> [WHAT YOU ARE ASKED TO DO] In the material below, find each line holding the string "pela" and copy it.

> [INFORMATION SUPPLIED]
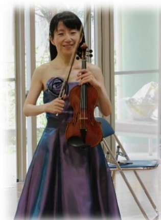
ヴァイオリン奏者の むらこしさん

高山の伝統工芸である飛騨春慶。西洋の伝統的な弦楽器と飛騨春慶が出会って生まれたのが、今日の演奏会で使われた「飛騨春慶弦楽器」です。プログラムでは、子ども達の知っている、トロやアナ雪また、アンコールには、ゆうき100%を演奏してくれました。その時は一緒に楽器に合わせて歌いました。子ども達は弦楽器から聞こえる素敵な音色を聞いて感動していました！いい経験ができました。
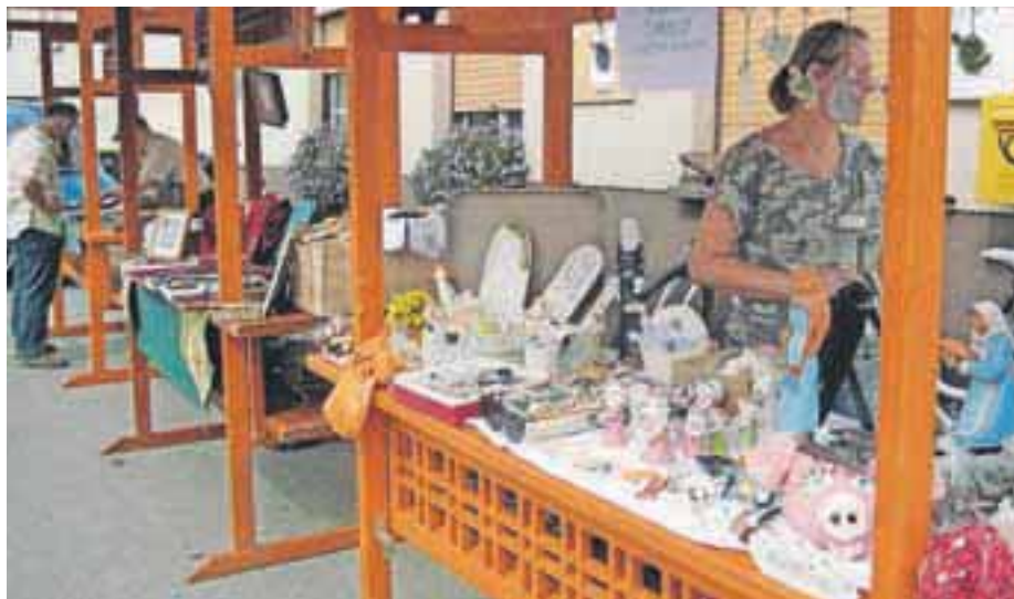
Na semanjem dnevu na Telečjem so se s pridelki in unikatnimi izdelki predstavili številni lokalni ponudniki.
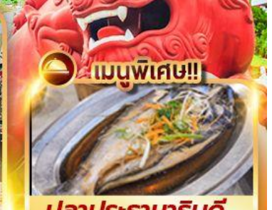
เมนูพิเศษ!! ปลาประรานาธิบดี
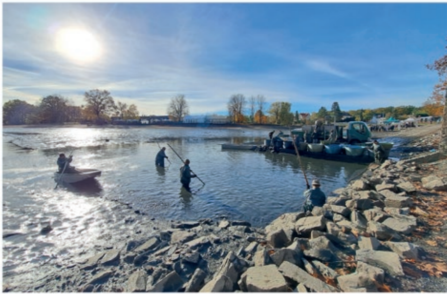
Výlov na rybníku Šeberák
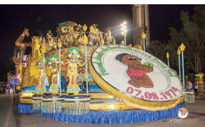
Sorteio foi realizado pela Liga das Escolas de Samba

Definida na segunda-feira (19), a ordem dos desfiles do Carnaval de 2024 já foi divulgada pela Prefeitura de São Paulo e a Barroca Zona Sul será a segunda escola a desfilarem no primeiro dia de desfile, que acontecerá dia 9 de fevereiro (sexta-feira). O sorteio foi re-
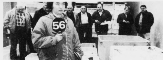
Fiskamarknaður Føroya heldur til á Toftum

Mánadagin í hesi vikuni keypti Hansen Seafood 16 tons av tí teir hildu vera so kallaður daggamal fiskur.
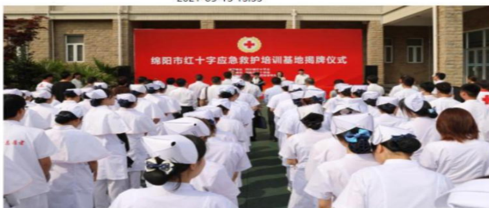
图为:揭牌仪式现场
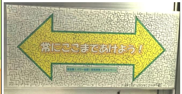
窓枠用の掲示物もデザインが光りました！
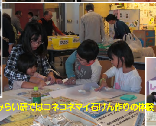
みらい研ではコネコネマイ石けん作りの体験
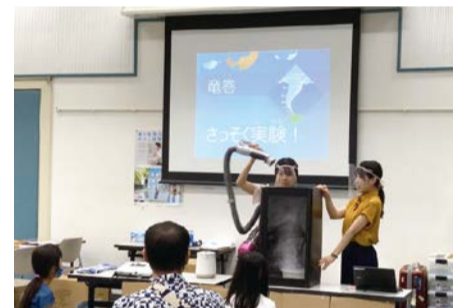
気象キャスターによる竜巻実験

幼児～小学生を対象に、水に関するワークショップや体験型のイベント、謎解きなどを開催。定員各回40人(事前予約制)。 日 3/27(土)・28(日)各日①10:00～11:40、②13:00～14:40 場 水道記念館 申 3/14 17:00までにHPで。 問 水道局総務課 ☎ 6616-5404 FAX 6616-5409
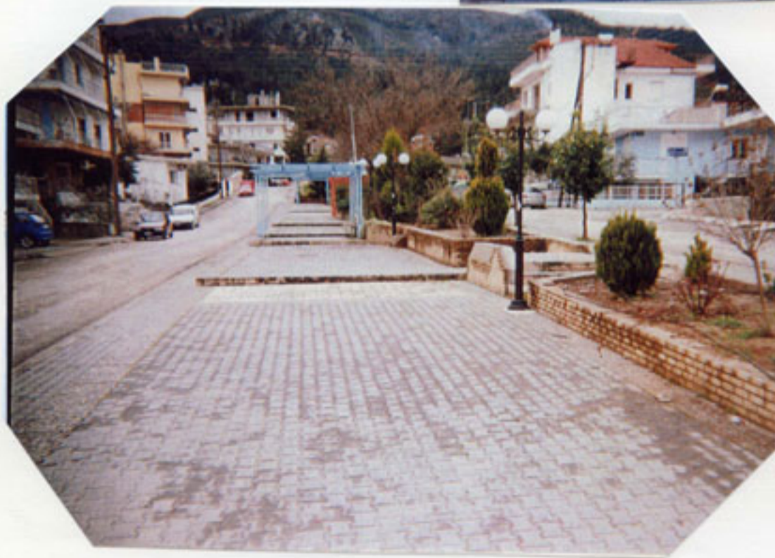
Ο χειμάρρος σκεπασμένος είναι τώρα δρόμος
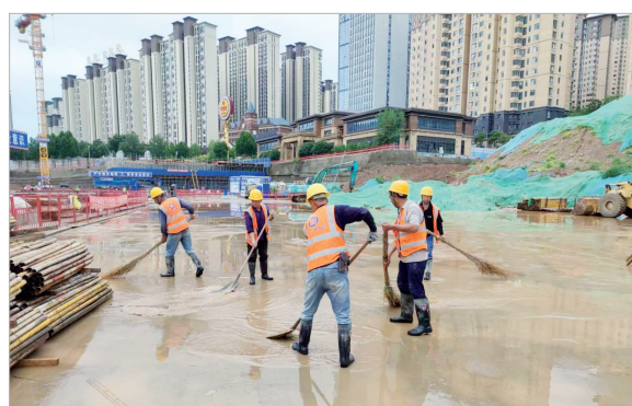
项目工地人员清理积水

> [FINAL ANSWER]
Sorteio foi realizado pela Liga das Escolas de Samba
Definida na segunda-feira (19), a ordem dos desfiles do Carnaval de 2024 já foi divulgada pela Prefeitura de São Paulo e a Barroca Zona Sul será a segunda escola a desfilarem no primeiro dia de desfile, que acontecerá dia 9 de fevereiro (sexta-feira). O sorteio foi re-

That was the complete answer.